Dataset extract:
========

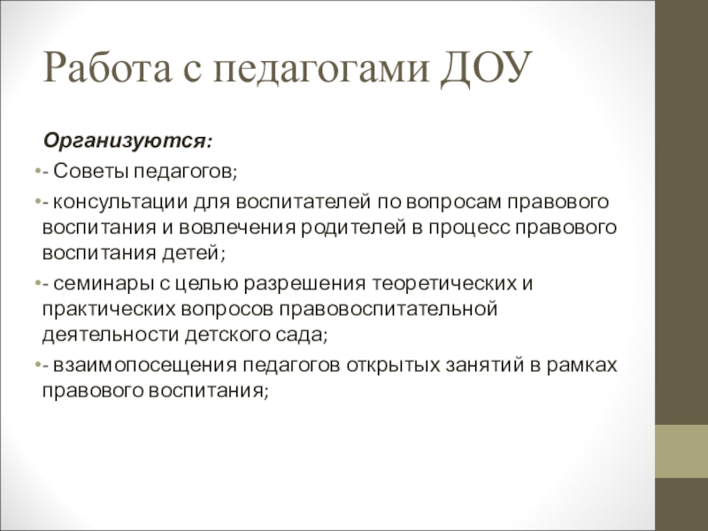 - семинары с целью разрешения теоретических и практических вопросов правовоспитательной деятельности детского сада;
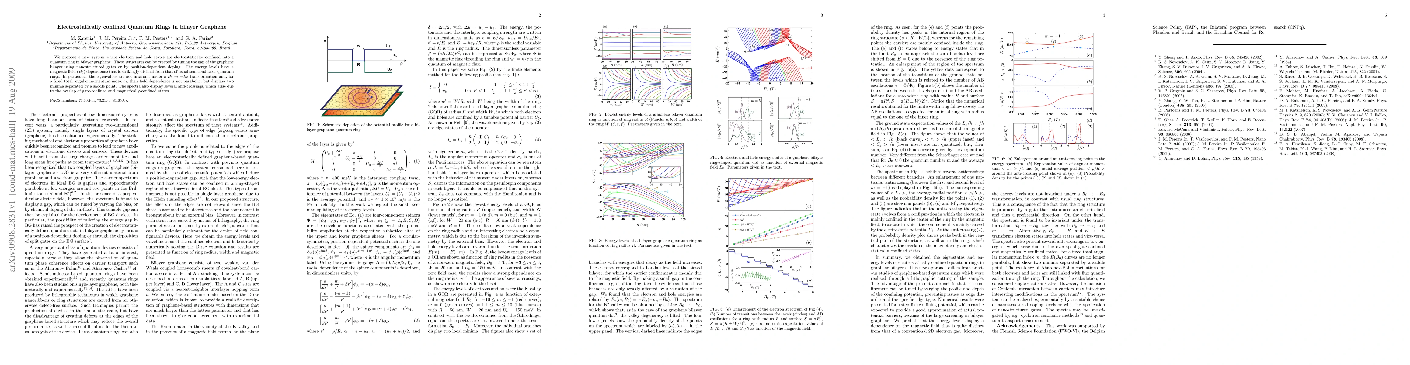 This paper introduces electrostatically confined quantum rings in bilayer graphene, revealing unique magnetic field-dependent energy levels that differ from conventional semiconductor rings, including non-parabolic field dependence and anti-crossing phenomena due to state overlaps.
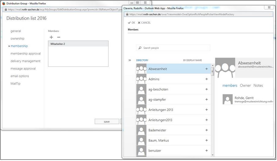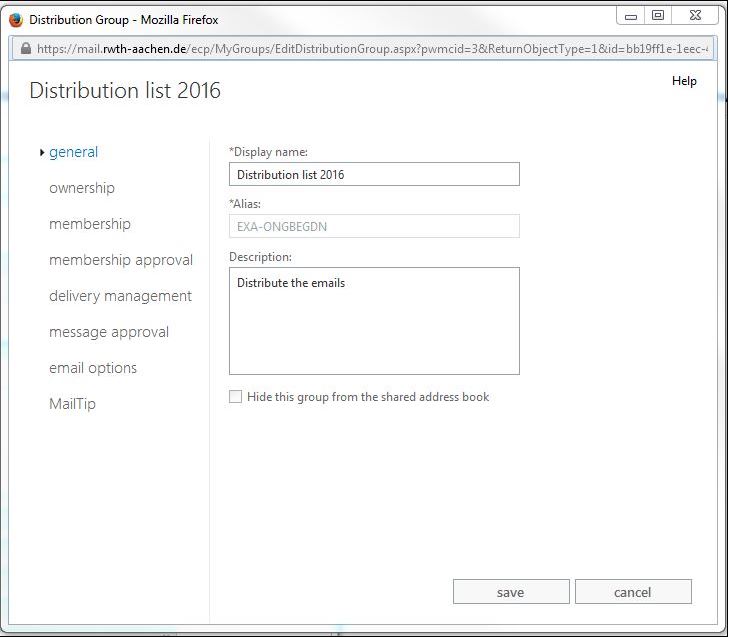 The owner of a distribution group is able to administrate the distribution group via the Outlook Web App. Only the administrator of the institute is able to nominate somebody as the owner of a distribution group.
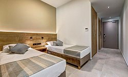 Διαθέτει 195 δωμάτια, δίκλινα, τρίκλινα και οικογενειακά, όλα εξοπλισμένα με αυτόνομο κλιματισμό, δορυφορική τηλεόραση 32 ιντσών, μίνι ψυγείο, βραστήρα, τηλέφωνο, μπάνιο με ντουζιέρα και στεγνωτήρα μαλλιών, θυρίδα δωματίου, δωρεάν WiFi, μπαλκόνι ή βεράντα. Ορισμένα έχουν δυνατότητα εξυπηρέτησης ΑΜΕΑ.

========

Aim of the exercise: Repeat every line of the data exactly, but do not include pictures.

Result of the task:
 - семинары с целью разрешения теоретических и практических вопросов правовоспитательной деятельности детского сада;
 This paper introduces electrostatically confined quantum rings in bilayer graphene, revealing unique magnetic field-dependent energy levels that differ from conventional semiconductor rings, including non-parabolic field dependence and anti-crossing phenomena due to state overlaps.
 The owner of a distribution group is able to administrate the distribution group via the Outlook Web App. Only the administrator of the institute is able to nominate somebody as the owner of a distribution group.
 Διαθέτει 195 δωμάτια, δίκλινα, τρίκλινα και οικογενειακά, όλα εξοπλισμένα με αυτόνομο κλιματισμό, δορυφορική τηλεόραση 32 ιντσών, μίνι ψυγείο, βραστήρα, τηλέφωνο, μπάνιο με ντουζιέρα και στεγνωτήρα μαλλιών, θυρίδα δωματίου, δωρεάν WiFi, μπαλκόνι ή βεράντα. Ορισμένα έχουν δυνατότητα εξυπηρέτησης ΑΜΕΑ.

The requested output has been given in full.